### EXERCISE DESCRIPTION
All pictures are to be dropped, and the remaining data set down exactly.

### RAW DATA

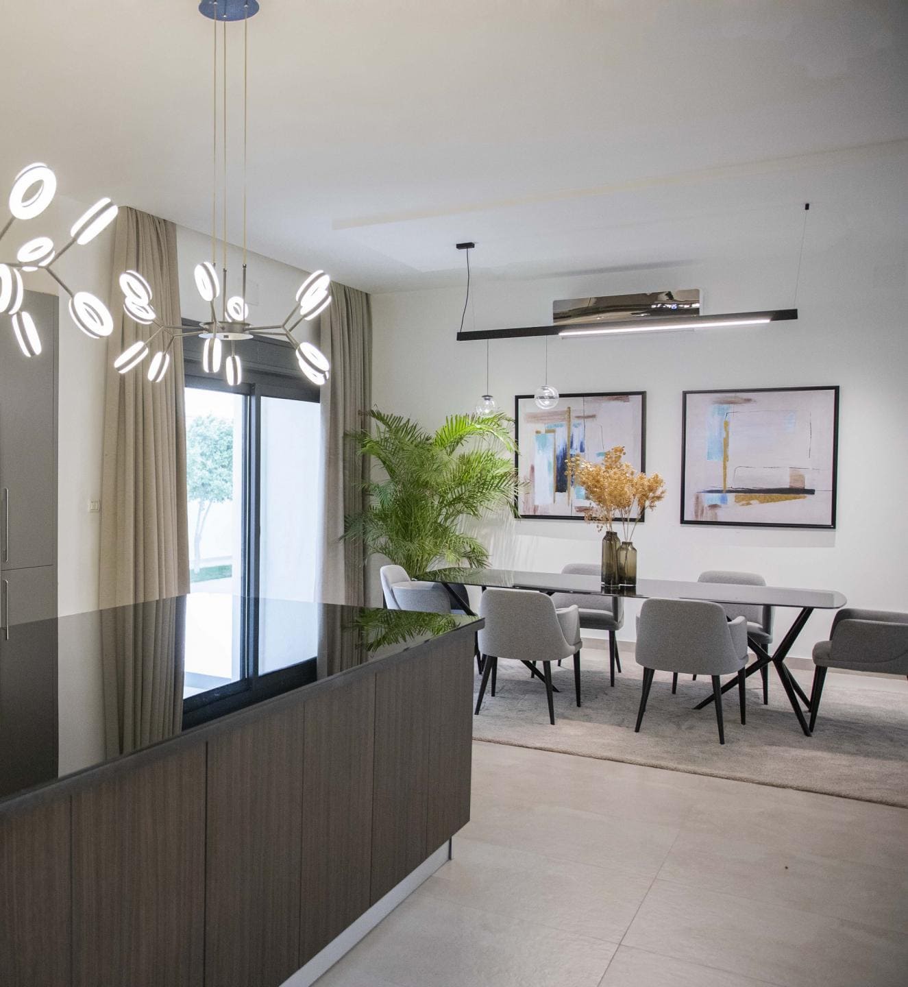 Giriş ve yemek odası alanında, müşterilerimizin beklentilerine uygun olarak tasarlanan kahve köşesi, yüksek konfora sahip berjerlerle desteklenmiştir. Kahve alanının karşısında konumlandırılan yemek odası, kaliteli malzemelerle üretilmiş yemek masası ve sandalye takımlarıyla tamamlanmış; böylece işlevsellik ve estetik bir araya getirilmiştir.
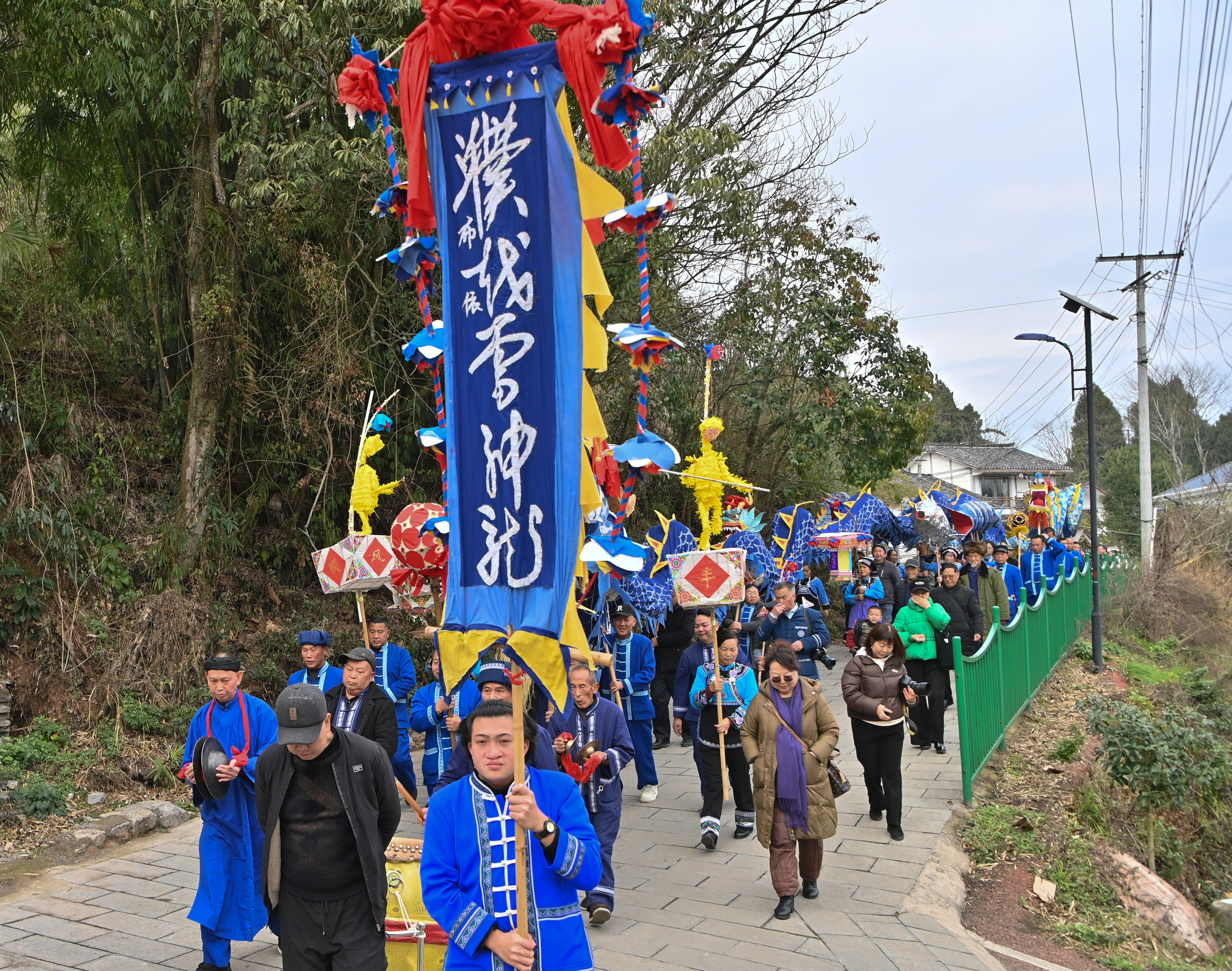 2026年2月11日,贵阳市乌当区新堡乡马头村新寨举行迎新春“濮越雷神龙灯”舞龙灯民俗活动,为村民们送上浓浓的年味与新春祝福。现场锣鼓喧天、欢声阵阵,为即将到来的新春佳节增添了浓郁的布依族传统韵味和热闹喜庆的氛围。
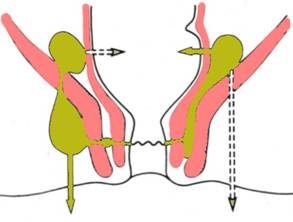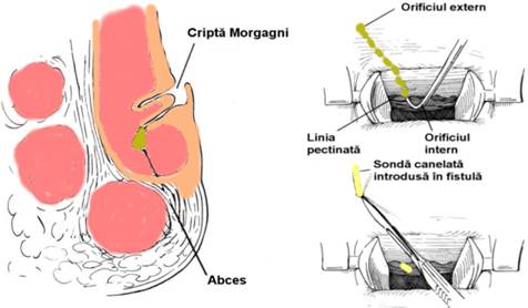 Majoritatea fistulelor perianale provin dintr-o infectie a criptelor extinsa la musculatura perianala si tesuturile perirectale. Extirparea fistulei perianale se face in absenta abcesului si in conditiile unei stari generale bune a pacientului. Este foarte importanta explorarea corecta a fistulei si, mai ales, a aparatului sfincterian. Sfincterul extern superficial se palpeaza ca o banda care inconjoara canalul anal imediat sub piele. Deasupra benzii se gaseste o usoara depresiune - linia intersfincteriana, punct de reper pentru identificarea capatului terminal al sfincterului intern. O fistula anterioara care intereseaza numai tesutul celular subcutanat sau portiunea superficiala a sfincterului extern poate fi excizata fara probleme deoarece incontinenta nu apare, iar ridicatorul anal si sfincterul extern se mentin intacte. O fistula anterioara care intereseaza intreg sfincterul extern nu poate fi excizata intr-o singura sedinta deoarece exista riscul incontinentei. Posterior, daca ridicatorul anal ramane intact si fistula intereseaza intreg sfincterul extern se poate practica excizia completa cu risc minim de incontinenta. Cele mai multe fistule provin din glandele anale de la baza criptelor Morgagni si abcesele patrund in sfincterul intern (Fig. 5); infectia se propaga in planul tisular creat de septul fibromuscular al musculaturii longitudinale.
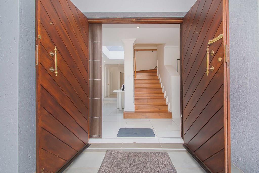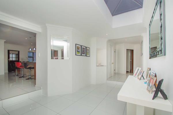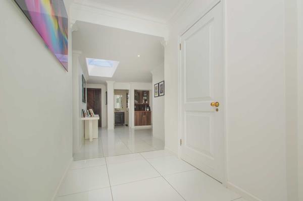 The double wooden entrance doors open into a grand, all-white entrance hall, where large-format porcelain tiles, sleek modern cornices and refined trim set the tone for the home. Soft downlighting and a striking skylight flood the space with natural light, creating an absolutely stunning first impression.

### COMPLETED TASK
 Giriş ve yemek odası alanında, müşterilerimizin beklentilerine uygun olarak tasarlanan kahve köşesi, yüksek konfora sahip berjerlerle desteklenmiştir. Kahve alanının karşısında konumlandırılan yemek odası, kaliteli malzemelerle üretilmiş yemek masası ve sandalye takımlarıyla tamamlanmış; böylece işlevsellik ve estetik bir araya getirilmiştir.
 2026年2月11日,贵阳市乌当区新堡乡马头村新寨举行迎新春“濮越雷神龙灯”舞龙灯民俗活动,为村民们送上浓浓的年味与新春祝福。现场锣鼓喧天、欢声阵阵,为即将到来的新春佳节增添了浓郁的布依族传统韵味和热闹喜庆的氛围。
 Majoritatea fistulelor perianale provin dintr-o infectie a criptelor extinsa la musculatura perianala si tesuturile perirectale. Extirparea fistulei perianale se face in absenta abcesului si in conditiile unei stari generale bune a pacientului. Este foarte importanta explorarea corecta a fistulei si, mai ales, a aparatului sfincterian. Sfincterul extern superficial se palpeaza ca o banda care inconjoara canalul anal imediat sub piele. Deasupra benzii se gaseste o usoara depresiune - linia intersfincteriana, punct de reper pentru identificarea capatului terminal al sfincterului intern. O fistula anterioara care intereseaza numai tesutul celular subcutanat sau portiunea superficiala a sfincterului extern poate fi excizata fara probleme deoarece incontinenta nu apare, iar ridicatorul anal si sfincterul extern se mentin intacte. O fistula anterioara care intereseaza intreg sfincterul extern nu poate fi excizata intr-o singura sedinta deoarece exista riscul incontinentei. Posterior, daca ridicatorul anal ramane intact si fistula intereseaza intreg sfincterul extern se poate practica excizia completa cu risc minim de incontinenta. Cele mai multe fistule provin din glandele anale de la baza criptelor Morgagni si abcesele patrund in sfincterul intern (Fig. 5); infectia se propaga in planul tisular creat de septul fibromuscular al musculaturii longitudinale.
 The double wooden entrance doors open into a grand, all-white entrance hall, where large-format porcelain tiles, sleek modern cornices and refined trim set the tone for the home. Soft downlighting and a striking skylight flood the space with natural light, creating an absolutely stunning first impression.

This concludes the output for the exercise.